— DIRECTIONS —
With the pictures left out, write out exactly the lines of the listing below that run from the line with "Preparing your phone" through the line with "为了让鲜花保鲜时间更长,建议".

— PROVIDED RECORDS —
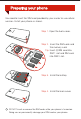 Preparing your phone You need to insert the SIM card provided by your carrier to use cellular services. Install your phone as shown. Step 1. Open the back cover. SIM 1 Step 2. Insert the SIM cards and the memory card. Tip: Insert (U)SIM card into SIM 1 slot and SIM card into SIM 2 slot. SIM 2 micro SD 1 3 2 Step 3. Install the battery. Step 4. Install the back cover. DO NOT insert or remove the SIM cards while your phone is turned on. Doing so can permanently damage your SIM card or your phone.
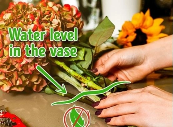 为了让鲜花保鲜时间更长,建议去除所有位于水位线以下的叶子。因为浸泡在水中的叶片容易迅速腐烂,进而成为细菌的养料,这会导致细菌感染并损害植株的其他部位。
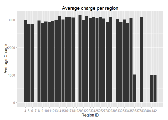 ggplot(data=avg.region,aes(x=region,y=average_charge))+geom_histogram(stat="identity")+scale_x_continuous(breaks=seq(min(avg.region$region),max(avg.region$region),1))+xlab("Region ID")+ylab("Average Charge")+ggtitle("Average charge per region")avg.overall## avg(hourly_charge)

...

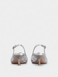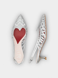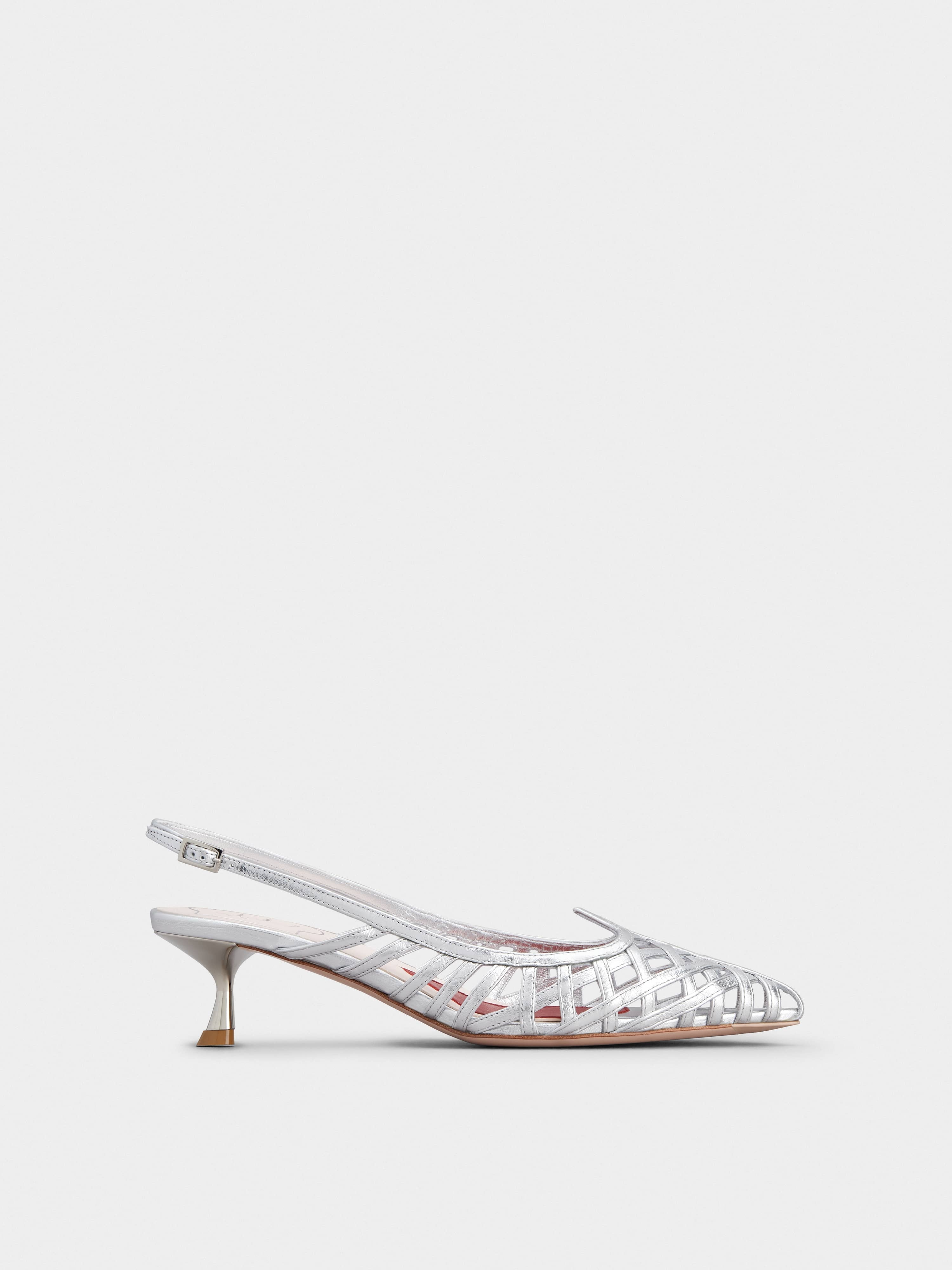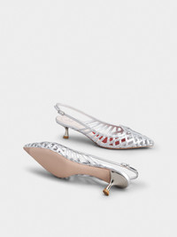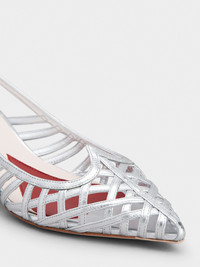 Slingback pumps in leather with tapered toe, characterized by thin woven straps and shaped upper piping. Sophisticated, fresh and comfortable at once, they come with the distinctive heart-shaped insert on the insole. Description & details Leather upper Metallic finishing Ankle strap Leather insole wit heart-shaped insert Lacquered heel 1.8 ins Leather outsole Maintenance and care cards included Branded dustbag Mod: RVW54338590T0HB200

— RESPONSE BELOW —
 Preparing your phone You need to insert the SIM card provided by your carrier to use cellular services. Install your phone as shown. Step 1. Open the back cover. SIM 1 Step 2. Insert the SIM cards and the memory card. Tip: Insert (U)SIM card into SIM 1 slot and SIM card into SIM 2 slot. SIM 2 micro SD 1 3 2 Step 3. Install the battery. Step 4. Install the back cover. DO NOT insert or remove the SIM cards while your phone is turned on. Doing so can permanently damage your SIM card or your phone.
 为了让鲜花保鲜时间更长,建议去除所有位于水位线以下的叶子。因为浸泡在水中的叶片容易迅速腐烂,进而成为细菌的养料,这会导致细菌感染并损害植株的其他部位。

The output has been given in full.